Dwave Systems will be commercially releasing a new 1152 qubit quantum annealing system in March 2015

Dr. Colin P. Williams [CPW], Director of Business Development and Strategic Partnerships for D-Wave Systems provided answers in an email interview with Nextbigfuture.

1. How is Dwave doing with the 2048 qubit system ?

[CPW] D-Wave is making fantastic progress in fabricating ever-larger processors. In fact, we will be releasing our new 1,152-qubit “Washington” processor in March of this year. So we’re all very excited about that. However, size (i.e., qubit-count) is not the only aspect of the processor that has been improved. We have also lowered the noise and stretched the energy scale of the qubits (making them inherently more quantum mechanical), and we have strengthened our ability to create chains of qubits (making it easier to program the processor by locking qubits together to change the effective topology of the chip). Our initial performance tests have gone really well, and we are seeing some very exciting performance from the new processor. We are now perfecting new benchmark problems and new performance metrics that more clearly showcase the innate capabilities of the Washington system. These studies, and more, will be rolling out later in the year. So stay tuned for that.
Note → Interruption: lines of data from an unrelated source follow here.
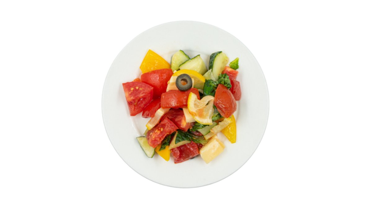 Свежий и легкий салат из сочных помидоров, хрустящих огурцов, сладкого болгарского перца, красного лука, маслин и нежного сыра фета. Заправлен ароматным оливковым маслом и прованскими травами
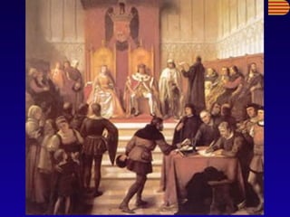 Este documento defiende que Aragón fue un importante reino medieval que formó parte de un imperio que abarcó gran parte del Mediterráneo occidental y que tuvo un papel fundamental en la formación de España. Sin embargo, su historia a menudo ha sido manipulada u olvidada. La exposición "Aragón, reino y corona" ayudó a recordar las contribuciones de Aragón y criticó a quienes tergiversan u ocultan su pasado.
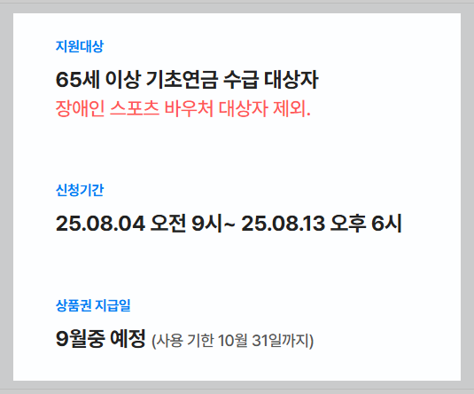 - 지급 시기 : 8월 말에 지원 대상이 발표되며, 9월 중에 지급받아 사용하실 수 있습니다.
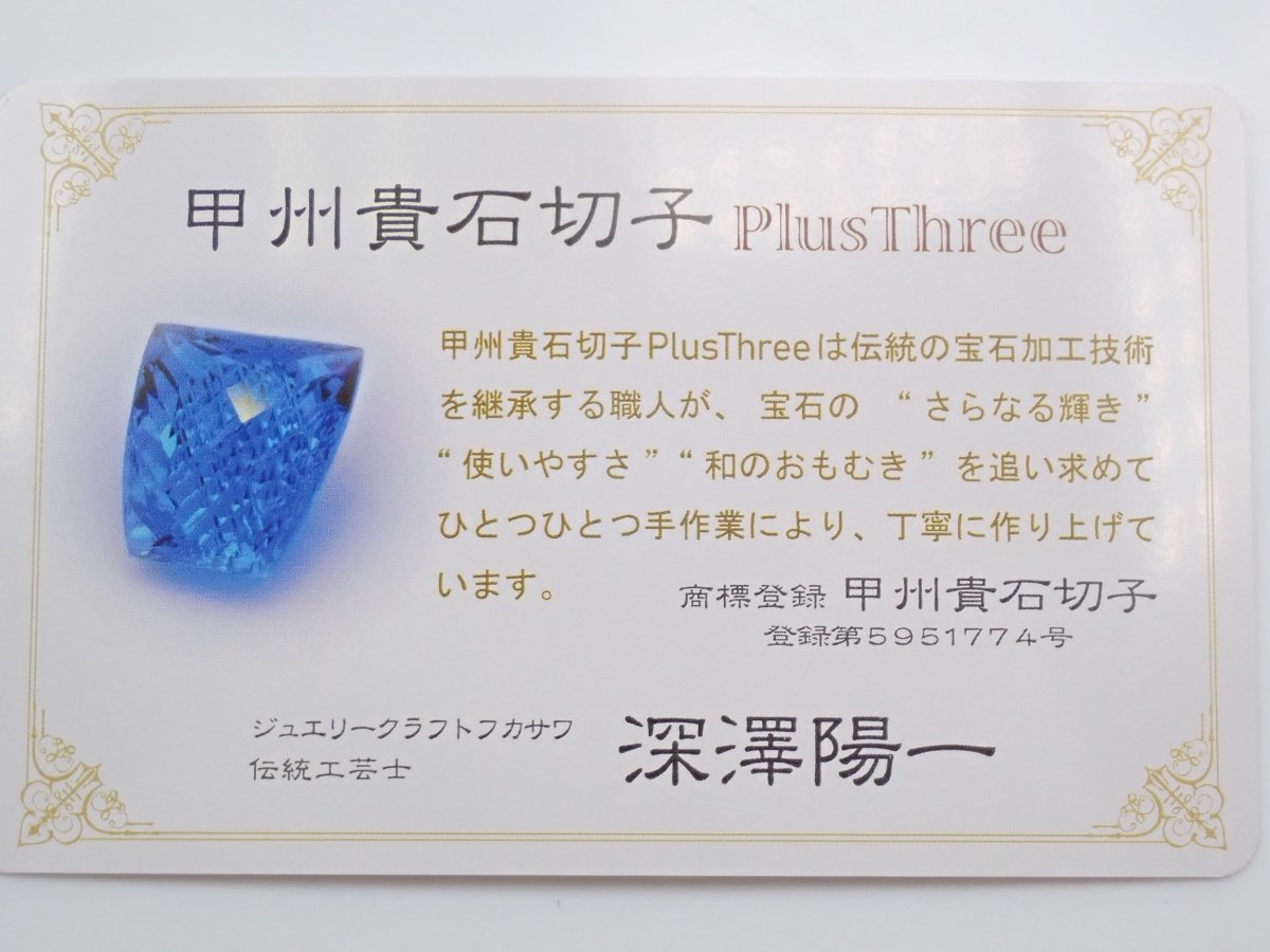 這是甲州寶石 Kiriko 的創造者深澤洋一 (Yoichi Fukasawa) 設計的新甲州寶石 Kiriko加上三顆蛋白石「綾」。點擊此處查看深澤洋一的訪談文章。
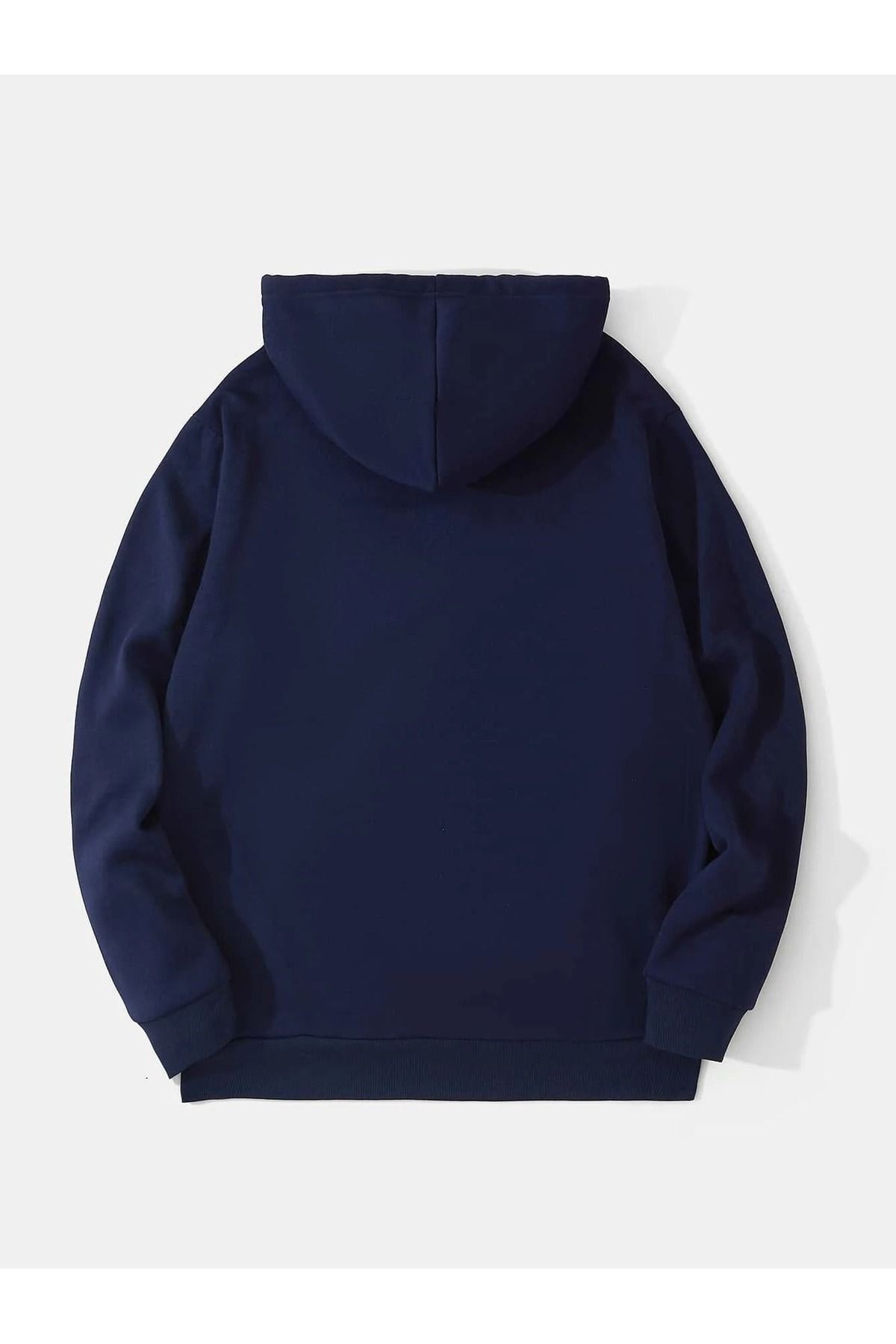 Düz Basic Kalın Kışlık Sweatshirt - Lacivert Oversize Kapüşonlu
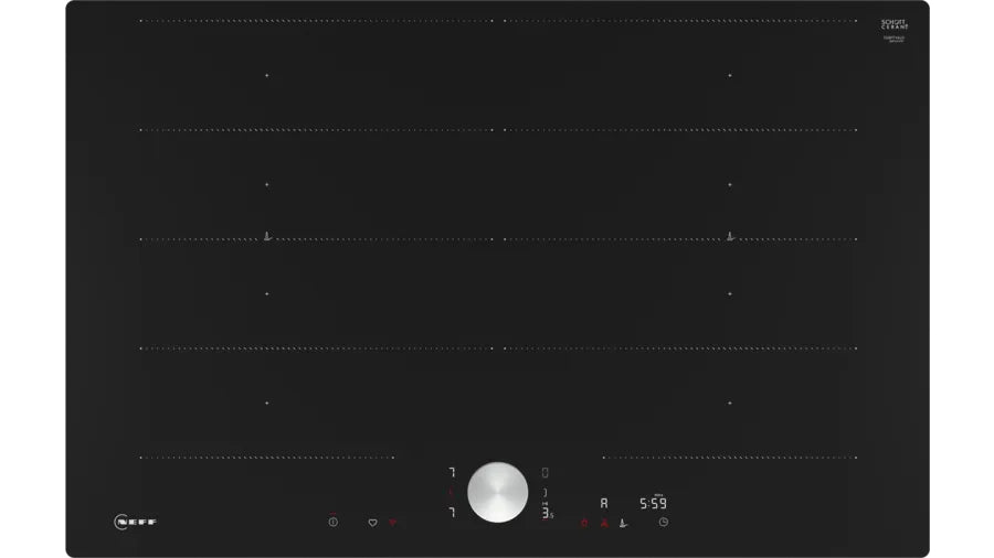Neff T68PTY4L0. Produktfarve: Sort, Placering af apparat: Indbygget, Ovnbredde størrelse: 80 cm. Kontroltype: Dreje, Berøring, Kontrolposition: Front, Urtype: Elektronisk. Tilsluttet belastning (elektrisk): 7400 W, Vekselstrømsindgangsspænding: 220-240 V, Vekselstrømsindgangsfrekvens: 50/60 Hz. NEFF-teknologier (madlavning): Home Connect. Bredde: 792 mm, Dybde: 512 mm, Højde: 56 mm
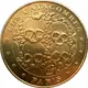 Text on periphery. In the center, a representation of the European map with the euro symbol and 15 stars of different sizes. |

Previously Nextbigfuture reported that Dwave has shown a chip with 2048 physical qubits. This is the same chip but only 1152 qubits will be active.

2. Any comment on Ivan Deutsch ? He is at the University of New Mexico’s Center for Quantum Information and Control on scaling up binary quantum bits into base-16 digits.

Question to Ivan Deutsch in Quanta magazine : Is the D-Wave machine a quantum simulator?

Ivan Deutsch answer – The D-Wave prototype is not a universal quantum computer. It is not digital, nor error-correcting, nor fault tolerant. It is a purely analog machine designed to solve a particular optimization problem. It is unclear if it qualifies as a quantum device.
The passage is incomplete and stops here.